Efficient and cost-effective surface mounting (SMT) requires a high degree of process know-how. The first process step, solder paste printing, is generally considered crucial for product quality. On the one hand, a precise paste application lays the foundation stone for the soldering joint. On the other hand, any errors that have been found can be corrected relatively inexpensively. Accordingly, automatic inspection systems for paste application (SPI Solder Paste Inspection) are very popular. These systems provide measurement values of relevant process parameters of the soldering paste printing. In general, these are: x-, y-positions, height, volume and area of the transferred depots. The information can be used on the one hand for direct process control and on the other hand also for evaluating the processability of the products. The knowledge of this enables a targeted work on fault centres and thus an improvement of the production quality. The reliable extraction of process-relevant data is also interesting under the slogan "Industry 4.0"
An example of the use of the measured values for direct process control is the observation of the transferred solder volume and the depot height over time. If an increase becomes noticeable here, this indicates a contamination of the lower surface of the stencil. If one recognizes such a phenomenon, one can counteract it with an underside cleaning. Against this background, the automatic feedback of measurement results from the SPI into the printer seems to be an effective means of improving production quality. Many SPI-manufacturers nowadays offer corresponding interfaces for the correction of printing misalignment. In addition, there are efforts to intervene in the assembly process by means of the measured pad positions - i. e., the position of the components should be adapted to the measured pad positions. At this point at the latest, the automatic inspection system becomes an automatic measuring system and the question of measuring accuracy must be asked.
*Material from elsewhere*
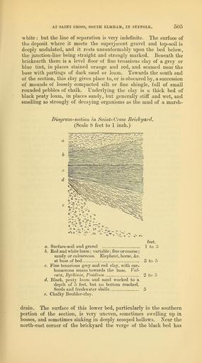Keywords: The Quarterly journal of the Geological Society of London (13937325291).jpg AT SAINT CROSS SOUTH ELMHAM IN SUFFOLK 507 <br> Aim is glutinosa L <br> Ceratophyllum demersum L <br> Alisma plantago L <br> Potainogeton heterophyllus <br> Schreb <br> perfoliatus L <br> crispus L <br> obtusifolius Mert § ¢ Koch <br> trichoides Cham <br> Zannichellia palustris L <br> Scirpus pauciflorus Light/ <br> Cfflspitosus L <br> fluitans L <br> lacustris L <br> Carex riparia Curtis <br> rostrata Stokes <br> Prom the same sample Mr Reid obtained two mosses which <br> Mr Mitton has declared to be ” <br> Brachythecium plumosum t <br> Amblystegium fluitans <br> And also the following Mollusca ” <br> Pisidium arnnicum Miill <br> a fragment <br> fontinale Brap <br> Tbalictrum flavum L <br> Ranunculus aquatilis L <br> sceleratus L <br> flanimula L <br> Crataegus oxyacantba L <br> Myriopbyllum spicatum L <br> Hippuris vulgaris L <br> Hydrocotyle vulgaris L <br> CEnantbe pbellandrium Lam <br> very small <br> Cnicus palustris HoffmP badly <br> preserved <br> Taraxacum officinale Web <br> Menyanthes trifoliata L <br> Lycopus europaeus L <br> Eumex maritimus L <br> Limnsea stagnalis L <br> Valvata piscinalis Mull <br> Bytbinia tentaculata L <br> Spbasrium corneum L <br> Some minute teeth and bones of vertebrates were also found <br> which Mr Newton has verified as ” <br> Arvicola sp vole Tinea vulgaris tench <br> Leuciscus rutilus roach Esox lucius pike <br> The same stratum contains abundance of wood and some time <br> ago the trunk and main branches of a forest tree Mr Aldous says <br> an oak were found imbedded in the loam <br> rTo palaeolithic implements were found at Saint Cross though <br> flint flakes and drippings more or less suggestive of human agency <br> are common in bed b On a recent visit to the brickyard a work- <br> man gave me a small cast bronze or copper adze which he had <br> obtained some years ago from bed c into which possibly it had <br> fallen from the surface of the section t I may mention here that <br> when the present series of excavations at Saint Cross was begun <br> it was found that the brickyard had been tenanted before by an <br> older generation of workmen A kiln filled with wood-ashes and <br> of a long obsolete pattern which had been completely buried and <br> grassed over was dug out and a quantity of abandoned brickearth <br> washed and utilized <br> Mr Reid seems to have found no trace of the hawthorn in any of tbe <br> postglacial deposits be bad previously examined See bis Notes on the <br> Geological History of tbe Recent Flora of Britain Annals of Botany vol ii <br> no 6 August 1888 <br> t Tbis species does not appear in tbe Rev E IS Bloonifield's list of the <br> mosses of Suffolk ” ' Journal of Botany ' August 1885 and March 1888 It is <br> usually found in Subalpine districts growing upon rocks and stones in damp <br> places Berkeley <br> j The Rev C R Manning F S A informs me that tbis implement is the <br> blade of a socketed celt broken off at tbe base of tbe socket of the common <br> type described by Dr Evans in Chap V of bis ' Ancient Bronze Implements ' 36940336 113696 51125 Page 505 Text 45 http //www biodiversitylibrary org/page/36940336 1889 Geological Society of London NameFound Alisma plantago NameConfirmed Alisma plantago NameBankID 1671647 NameFound Amblystegium fluitans NameConfirmed Amblystegium fluitans NameBankID 3334297 NameFound Arvicola NameConfirmed Arvicola EOLID 111244 NameBankID 2480523 NameFound Brachythecium plumosum NameConfirmed Brachythecium plumosum EOLID 862768 NameBankID 3872616 NameFound Carex riparia NameConfirmed Carex riparia EOLID 1123478 NameBankID 2777989 NameFound Ceratophyllum demersum NameConfirmed Ceratophyllum demersum EOLID 596653 NameBankID 2645283 NameFound Cnicus palustris NameConfirmed Cnicus palustris L Willd EOLID 468314 NameFound Crataegus NameConfirmed Crataegus EOLID 29927 NameBankID 2649819 NameFound Esox lucius NameConfirmed Esox lucius EOLID 206652 NameBankID 3863621 NameFound Hippuris vulgaris NameConfirmed Hippuris vulgaris EOLID 583132 NameBankID 2651056 NameFound Hydrocotyle vulgaris NameConfirmed Hydrocotyle vulgaris EOLID 596968 NameBankID 2663367 NameFound Leuciscus rutilus NameConfirmed Leuciscus rutilus EOLID 11088833 NameBankID 3861153 NameFound Lycopus europaeus NameConfirmed Lycopus europaeus EOLID 579749 NameBankID 2654982 NameFound Menyanthes trifoliata NameConfirmed Menyanthes trifoliata EOLID 584945 NameBankID 2653291 NameFound Mollusca NameConfirmed Mollusca EOLID 2195 NameBankID 230454 NameFound Pisidium NameConfirmed Pisidium EOLID 50249 NameBankID 2693599 NameFound Ranunculus aquatilis NameConfirmed Ranunculus aquatilis EOLID 473801 NameBankID 2645415 NameFound Scirpus pauciflorus NameConfirmed Scirpus pauciflorus R Br Poir EOLID 1119068 NameFound Taraxacum officinale NameConfirmed Taraxacum officinale EOLID 578234 NameBankID 2657720 NameFound Tinea vulgaris NameConfirmed Tinea vulgaris NameFound Valvata piscinalis NameConfirmed Valvata piscinalis EOLID 12003293 NameBankID 2683198 NameFound Zannichellia palustris NameConfirmed Zannichellia palustris EOLID 1116008 NameBankID 2659791 Biodiversity Heritage Library The Quarterly journal of the Geological Society of London v 45 1889 Geology Periodicals Smithsonian Libraries bhl page 36940336 dc identifier http //biodiversitylibrary org/page/36940336 smithsonian libraries Information field Flickr posted date ISOdate 2014-04-21 Check categories 2015 August 26 CC-BY-2 0 BioDivLibrary https //flickr com/photos/61021753 N02/13937325291 2015-08-26 05 51 35 cc-by-2 0 PD-old-70-1923 The Quarterly journal of the Geological Society of London 1889 Photos uploaded from Flickr by Fæ using a script |

With the reference normals available on the market up to now, a corresponding verification was only insufficiently possible, since no structures common in the SMT process were available on the boards. CeTaQ has taken up this challenge and developed a reference board to investigate the measurement capability of SPI systems. The core is a three-dimensional structured glass substrate. It is embedded in an aluminium carrier that protects the substrate and allows easy handling in an SMT production line. The surface of the glass substrate is roughened and coated with a chromium layer. By default, it is silver-grey and reflects the entire light spectrum. The structures in the glass are typical of printed circuit boards in SMT production, and manufacturing defects such as solder bridges on the board have also been reproduced. For most SPI systems the structures look like normal solder paste depots. Here is a picture of a QFP pin taken by an SPI machine and a model created by a measuring device with a laser scanner.
For the examination of the measuring accuracy, the reference board is passed through the system and measured several times. The recorded data is exported and evaluated with our statistics software CmCStat. The SPI user creates the necessary program with the help of a Gerber file. The reference to the pads on the board is made via a corresponding PIN-CAD file. Typically, the evaluation is carried out with different orientations of the board in the system. This means that the board is first measured with 0 degrees and then with 180 degrees of orientation. The reproducibility of the same pads is evaluated. With this procedure, any potential rotation errors are included in the valuation.
Furthermore, the influences of different pad geometries are made visible. Often the measured actual value is directly related to the pad size. Smaller pads are usually measured too flat.